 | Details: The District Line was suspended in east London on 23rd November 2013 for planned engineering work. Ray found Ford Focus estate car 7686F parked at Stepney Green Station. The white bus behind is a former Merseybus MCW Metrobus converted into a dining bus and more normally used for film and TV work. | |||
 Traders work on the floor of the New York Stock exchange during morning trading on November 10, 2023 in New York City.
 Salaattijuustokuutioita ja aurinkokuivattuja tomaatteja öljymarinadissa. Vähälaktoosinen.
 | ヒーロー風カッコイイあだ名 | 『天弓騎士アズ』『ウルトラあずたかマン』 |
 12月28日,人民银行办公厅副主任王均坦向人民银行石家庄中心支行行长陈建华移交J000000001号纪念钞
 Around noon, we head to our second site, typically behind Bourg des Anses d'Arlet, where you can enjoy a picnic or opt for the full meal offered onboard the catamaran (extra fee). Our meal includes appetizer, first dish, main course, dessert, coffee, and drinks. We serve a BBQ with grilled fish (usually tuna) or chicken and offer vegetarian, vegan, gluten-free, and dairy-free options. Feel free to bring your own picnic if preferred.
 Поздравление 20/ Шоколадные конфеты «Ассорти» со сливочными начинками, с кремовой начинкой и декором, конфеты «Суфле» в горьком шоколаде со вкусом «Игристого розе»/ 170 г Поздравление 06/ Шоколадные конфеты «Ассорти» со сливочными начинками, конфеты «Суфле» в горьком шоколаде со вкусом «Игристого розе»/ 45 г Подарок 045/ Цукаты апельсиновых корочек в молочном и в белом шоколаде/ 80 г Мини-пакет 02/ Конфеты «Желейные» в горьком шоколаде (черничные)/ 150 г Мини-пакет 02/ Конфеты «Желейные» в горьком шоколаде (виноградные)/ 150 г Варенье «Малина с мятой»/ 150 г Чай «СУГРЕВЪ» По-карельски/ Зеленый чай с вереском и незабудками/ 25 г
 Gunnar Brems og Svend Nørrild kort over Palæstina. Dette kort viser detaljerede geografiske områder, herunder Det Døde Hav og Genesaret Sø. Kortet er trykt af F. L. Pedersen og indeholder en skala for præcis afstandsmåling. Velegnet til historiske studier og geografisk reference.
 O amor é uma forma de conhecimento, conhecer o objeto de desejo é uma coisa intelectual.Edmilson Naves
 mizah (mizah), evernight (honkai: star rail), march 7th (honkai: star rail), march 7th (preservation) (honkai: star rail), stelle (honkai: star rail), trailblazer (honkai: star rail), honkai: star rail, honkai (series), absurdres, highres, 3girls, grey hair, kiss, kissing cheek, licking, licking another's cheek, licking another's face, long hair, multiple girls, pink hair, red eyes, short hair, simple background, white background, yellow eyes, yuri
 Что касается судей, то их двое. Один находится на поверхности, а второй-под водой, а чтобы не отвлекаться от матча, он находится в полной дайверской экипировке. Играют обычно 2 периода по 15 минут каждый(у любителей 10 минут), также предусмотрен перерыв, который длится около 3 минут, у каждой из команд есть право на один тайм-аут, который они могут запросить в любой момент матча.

> **Work task**: Would you output, from the records above, exactly the run of lines that starts at the line containing "Gunnar Brems og" and ends at the line containing "O amor é uma", and only that run?

> **Solution for this exercise**:
 Gunnar Brems og Svend Nørrild kort over Palæstina. Dette kort viser detaljerede geografiske områder, herunder Det Døde Hav og Genesaret Sø. Kortet er trykt af F. L. Pedersen og indeholder en skala for præcis afstandsmåling. Velegnet til historiske studier og geografisk reference.
 O amor é uma forma de conhecimento, conhecer o objeto de desejo é uma coisa intelectual.Edmilson Naves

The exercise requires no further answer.